**Your objective:** Pictures are not part of the answer. Return the lines from the one containing "ApplicationEventPublisher의 publishEvent를 찾아가다" through the end of the data, both included, exactly as they appear.

**The data:**
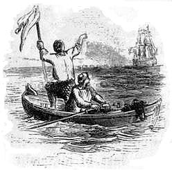 There is also, in the same early source, a quaint description of what occurred to a ship from Bristol, captured, in 1621, by an Algerine corsair. The Englishmen were all taken out except four youths, over whom the Turks, as these barbarians were often called by early writers, put thirteen of their own men to conduct the ship as a prize to Algiers; and one of the pirates, a strong, able, stern, and resolute person, was appointed captain. "These four poor youths," so the story proceeds, "being thus fallen into the hands of merciless infidels, began to study and complot all the means they could for the obtayning of their freedom. They considered the lamentable and miserable estates that they were like to be in, as to be debarred forever from seeing their friends and country, to be chained, beaten, made slaves, and to eat the bread of affliction in the galleys, all the remainder of their unfortunate lives, and, which was worst of all, never to be partakers of the heavenly word and sacraments. Thus, being quite hopeless, and, for any thing they knew, forever helpless, they sailed five days and nights under the command of the pirates, when, on the fifth night, God, in his great mercy, showed them a means for their wished-for escape." A sudden wind arose, when, the captain coming to help take in the mainsail, two of the English youths "suddenly took him by the breech and threw him overboard; but, by fortune, he fell into the bunt of the sail, where, quickly catching hold of a rope, he, being a very strong man, had almost gotten into the ship again; which John Cook perceiving, leaped speedily to the pump, and took off the pump brake, or handle, and cast it to William Long, bidding him knock him down, which he was not long in doing, but, lifting up the wooden weapon, he gave him such a palt on the pate, as made his braines forsake the possession of his head, with which his body fell into the sea." The corsair slave dealers were overpowered. The four English youths drove them "from place to place in the ship, and having coursed them from poop to the forecastle, they there valiantly killed two of them, and gave another a dangerous wound or two, who, to escape the further fury of their swords, leaped suddenly overboard to go seek his captain." The other nine Turks ran between decks, where they were securely fastened. The English now directed their course to St. Lucas, in Spain, and "in short time, by God's ayde, happily and safely arrived at the said port, where they sold the nine Turks for galley slaves, for a good summe of money, and as I thinke, a great deal more than they were worth."72 "He that shall attribute such things as these," says the ancient historian, grateful for this triumph of freedom, "to the arm of flesh and blood, is forgetful, ungrateful, and, in a manner, atheistical."
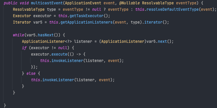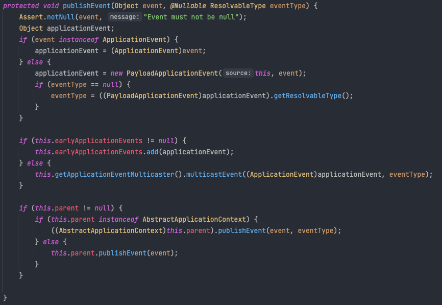 ApplicationEventPublisher의 publishEvent를 찾아가다 보면 아래 메서드를 만난다.
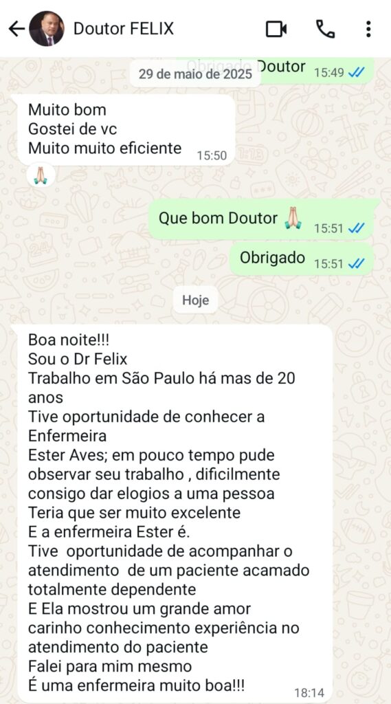 Com sólida experiência na assistência individualizada, minha missão é oferecer cuidados com excelência, empatia e discrição, respeitando as particularidades de cada paciente e de sua família.
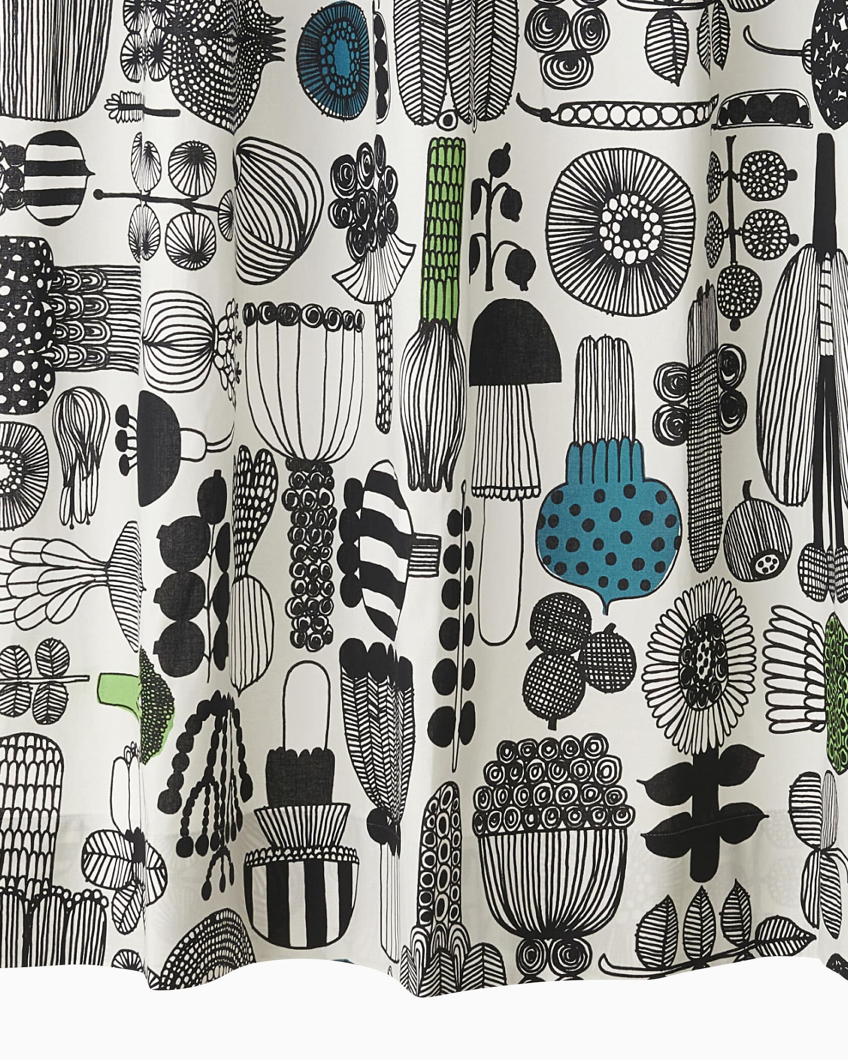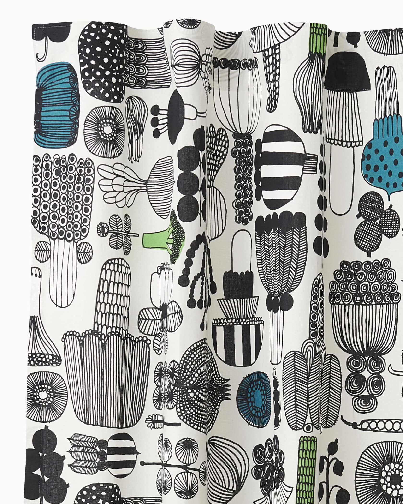 最高の庭師を意味する、Puutarhurin Parhaat(プータルフリン パルハート)パターンのカーテン110cm。様々な野菜を線画で表現したプレイフルなデザイン。モノトーンをベースに、グリーン系のアクセントカラーを取り入れています。

**Output:**
 ApplicationEventPublisher의 publishEvent를 찾아가다 보면 아래 메서드를 만난다.
 Com sólida experiência na assistência individualizada, minha missão é oferecer cuidados com excelência, empatia e discrição, respeitando as particularidades de cada paciente e de sua família.
 最高の庭師を意味する、Puutarhurin Parhaat(プータルフリン パルハート)パターンのカーテン110cm。様々な野菜を線画で表現したプレイフルなデザイン。モノトーンをベースに、グリーン系のアクセントカラーを取り入れています。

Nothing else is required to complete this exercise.